AI Summaries

Helping users quickly understand what matters on a CRM record by transforming long activity histories into concise, actionable summaries.

USERS

Sales, Customer Service, and Marketing reps

DESIGN DURATION

2 weeks

PORTFOLIO READ TIME

5 minutes

PROBLEM

As customers scaled, record pages accumulated long, chronological activity feeds.


Important context became buried, making it difficult to quickly understand what happened and what mattered.


Users needed fast, actionable insights to make decisions without scanning dozens of events.

An already very dense record page leads to heavy scrolling

OPPORTUNITY

Transform record pages from passive activity logs into active decision support tools by leveraging existing AI capabilities to scale insight across growing accounts without adding complexity or training overhead.

CONSTRAINTS

assumptions & resources

There were no existing AI summary patterns on CRM record pages, so the team had to design from first principles.

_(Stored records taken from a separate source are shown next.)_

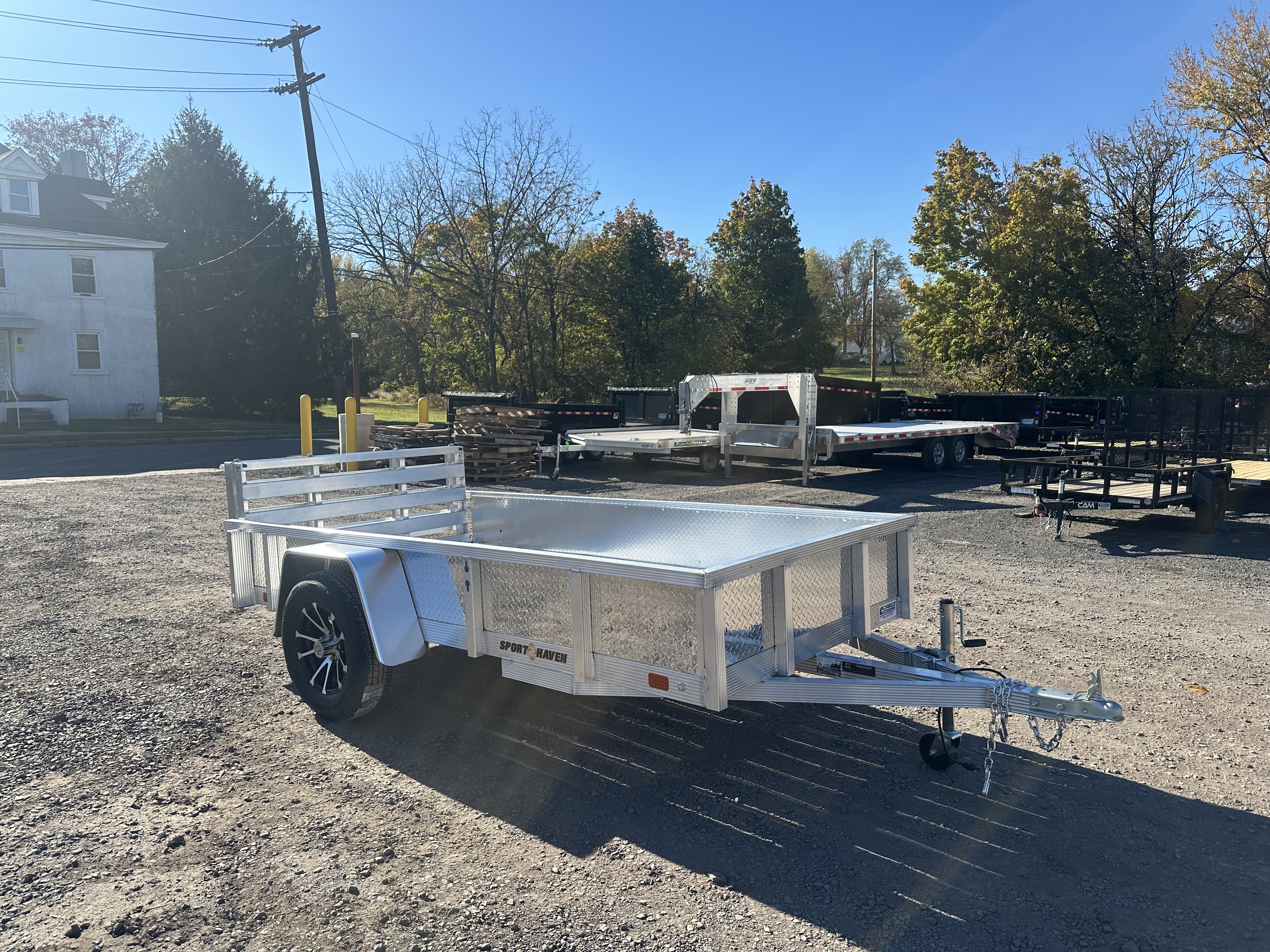 5x10, 2026 Sport Haven Aluminum Deluxe Utility Trailer, ATP Solid Sides, Bi Fold Rear Ramp, LED Lights, Swing Up Jack w/ Wheel, Integrated Tie Down Rail With 4 Removable D-Rings, Dexter Torsion Axle, Radial Tires, Aluminum Wheels
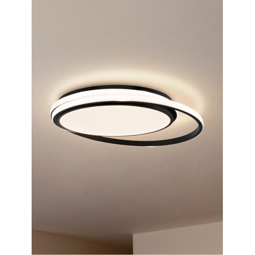 Арматура из металла и акрила. Цвет – черный. Трендовый элемент дизайна – кольца, расположенные под необычным углом. Энергоэффективный LED-источник дает яркую и комфортную для зрения подсветку...
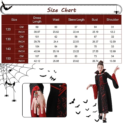 LIAWEI Costume da Vampiro Halloween Bambina Vestito Vampiro Gotico Regina Costumi Carnevale per bambini Principessa vampira con collana e bracciale (150, Rosso)
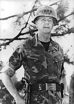 Henry Everett Emerson[1] gained recognition during the Vietnam War for his tactical ability on the battlefield. His tactics as a commander were novel.[3] He conceived aerial reconnaissance and combat methods that were employed effectively against the Viet Cong. These included a "checkerboard concept" that involves small groups covering grid squares to seek out an enemy, "jitterbug" tactics which are complex manoeuvres using helicopters to surround an enemy. To the uninitiated this would seem jittery like the dance, and "Eagle Flights" which were helicopters loaded with local soldiers and flown in quickly to assist foreign troops in certain situations.[4][5] He demonstrated that American soldiers could effectively "out-guerrilla" the Viet Cong. Emerson also developed the "seal-and-pile-on technique" (the rapid build-up of combat power to surround and destroy an enemy force). These highly complex tactics shattered many large enemy units.
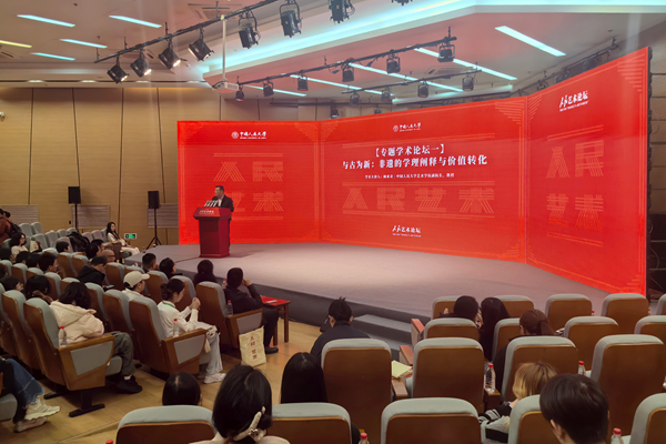 当日,“与古为新:非遗的学理阐释与价值转化”“焕彩出新:非遗的跨界对话与融合创新”两场专题学术论坛同期举办。来自国内非遗研究领域的知名学者、国家级非遗代表性传承人、知名艺术家、文化政策研究专家以及相关领域的实践者围绕“非遗保护的理论前沿与实践探索”“传统工艺的当代转化与设计创新”“高校在非遗传承中的使命与担当”“数字化时代非遗的传播与教育”等关键议题展开深入而热烈的研讨。专家学者们一致认为,非遗是中华民族的文化瑰宝和智慧结晶,承载着民族的历史记忆与文化基因。在新时代背景下,非遗的保护传承工作已从单纯的“抢救性保存”向“创造性转化、创新性发展”纵深推进。论坛强调了“匠心”精神在非遗传承中的核心地位,同时呼吁要积极探索非遗与当代审美、现代科技、市场需求相结合的创新路径,使其更好地融入现代生活,绽放出更加迷人的光彩。与会者还深入探讨了高校在非遗学科体系建设、人才培养、学术研究和社会服务方面应发挥的引领作用。
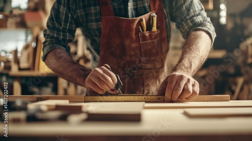 Carpenter measuring wood for a custom bookshelf in a home office. Featuring precision and craftsmanship
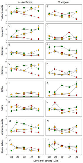 Salt stress induced a change of root amino acid profile in both species (Figure 2, Table S1). In H. maritimum under salinity, asparagine, ornithine and minor amino acids steadily decreased while GABA increased. Aspartate and glutamate had initially a concentration higher than respective controls but they decreased from 33 DAS together with glutamine. In H. vulgare under salinity the majority of amino acids decreased compared with the respective controls. The contents of GABA, glutamate and ornithine were lower than those of control for the entire experimental period. Alanine and glycine concentration decreased from 36 DAS, while minor amino acids, which showed a concentration similar to that of control for almost all the experimental period, strongly decreased at 48 DAS. Initially, in the cultivated species, asparagine and glutamine increased and then decreased towards the end of the experiment. The content of aspartate showed a fluctuating trend resulting 2.6-fold lower than respective control at 48 DAS. An opposite trend was observed for proline content, moreover salt stress increased it in both species being, however, on average doubled in H. vulgare compared with H. maritimum. For the majority of amino acids, the removal of salt stress cancelled the impact of the first phase of salt treatment (15 days) and corrected their levels to nearly the control ones in the cultivated species, while some of them significantly increased in the wild species compared to control. In particular, the amino acids that at 48 DAS of the recovery treatment strongly increased in H. maritimum compared to the respective control were alanine (+2.9-fold), aspartate (+2.2-fold), GABA (+43.7-fold), glutamine (+1.4-fold) and minor amino acids (+1.4-fold) (Figure 2; Table S1). H. vulgare control plants had, on average, a higher glycine betaine (GB) concentration (+51.4%) than H. maritimum and was not particularly influenced by salinity except at 33 and 48 DAS being 2.1-fold higher and 2.3-fold lower than respective controls. Salt stress increased its content in H. maritimum at 30, 42 and 48 DAS (Figure 2O,P).
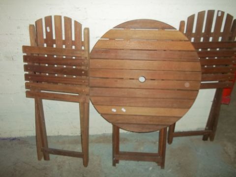 A WOODEN FOLDING PATIO TABLE SET WITH TWO CHAIRS

Because the underlying model didn’t exist yet, we had limited ability to test or validate prompts in advance. Tight timelines pushed us to ship an initial version quickly and rely on real usage to learn and iterate.

risks & dependencies

The biggest risk was user trust AI outputs were unpredictable, and edge cases weren’t fully known upfront.


Progress was also dependent on backend engineers and the ChatSpot AI team, which constrained scope and iteration speed and required close cross-team collaboration.

what does success look like?

adoption

We used message count (# of prompts generated) to measure active usage and demand i.e., whether users were choosing this feature as part of their workflow (and how it compared to other AI features), not just seeing it on the page.

retention

We used 14-day return rate to confirm the feature delivered repeat value beyond novelty. If users came back within two weeks, it was a strong signal the summaries were helpful in ongoing, real-world work.

usefulness

We used a usefulness feedback score to evaluate quality and trust directly whether the generated summary actually helped users, and where it failed (too long, missing key info, wrong emphasis), which numbers alone can’t explain.

RESEARCH THEMES

Due to a compressed timeline, we partnered with internal support and sales reps as proxy users to quickly pressure-test early concepts. Product and Design aligned on shipping a focused first iteration to validate behavior in-market, prioritizing real usage data over extended upfront research.

intent

Users wanted to quickly understand what a contact or company cared about without reading every interaction.

action

Reps asked for clear guidance on what to do next so they could act immediately after reviewing a record.

recency & momentum

Users needed to know how recently and how actively an account had engaged to prioritize outreach.

PROCESS

Unlike a traditional design to handoff to build workflow, this project required continuous collaboration with engineering as the AI model evolved. We designed and validated in parallel, adapting to new outputs and edge cases in real time.


In addition to working in tandem with backend engineers, I partnered closely with Content Design and participated in regular design critiques with both the AI team and my core design team to refine structure, hierarchy, and trust patterns as the experience took shape.

Content structure

Because AI patterns were still evolving internally, there wasn’t a clear standard for structuring summaries. With limited content design support, my PM and I defined the framework ourselves.


We explored paragraph-style and chat-based formats, but ultimately chose a structured, scannable approach that follows how reps prepare: engagement, intent, recency, then next steps. We favored precise timestamps to support CRM accuracy.


This became our working schema with backend, refined around what ChatSpot could reliably generate while minimizing hallucination risk.

UI EXPLORATION

I explored multiple UI patterns to seamlessly integrate AI into the record experience, balancing discoverability, workflow continuity, and alignment with the evolving AI design system.

Entry point

Selected a contained card over a floating trigger to create clear structure and visibility, while controlling vertical height on an already dense record page.

Contextual in-place rendering

Displayed the summary directly within the activity feed to keep insights anchored to surrounding activity and avoid fragmenting the workflow.

Density within a moving system

Integrated the feature using the evolving ChatSpot AI component library, adapting to shifting visual patterns while ensuring the summary felt cohesive within the record experience.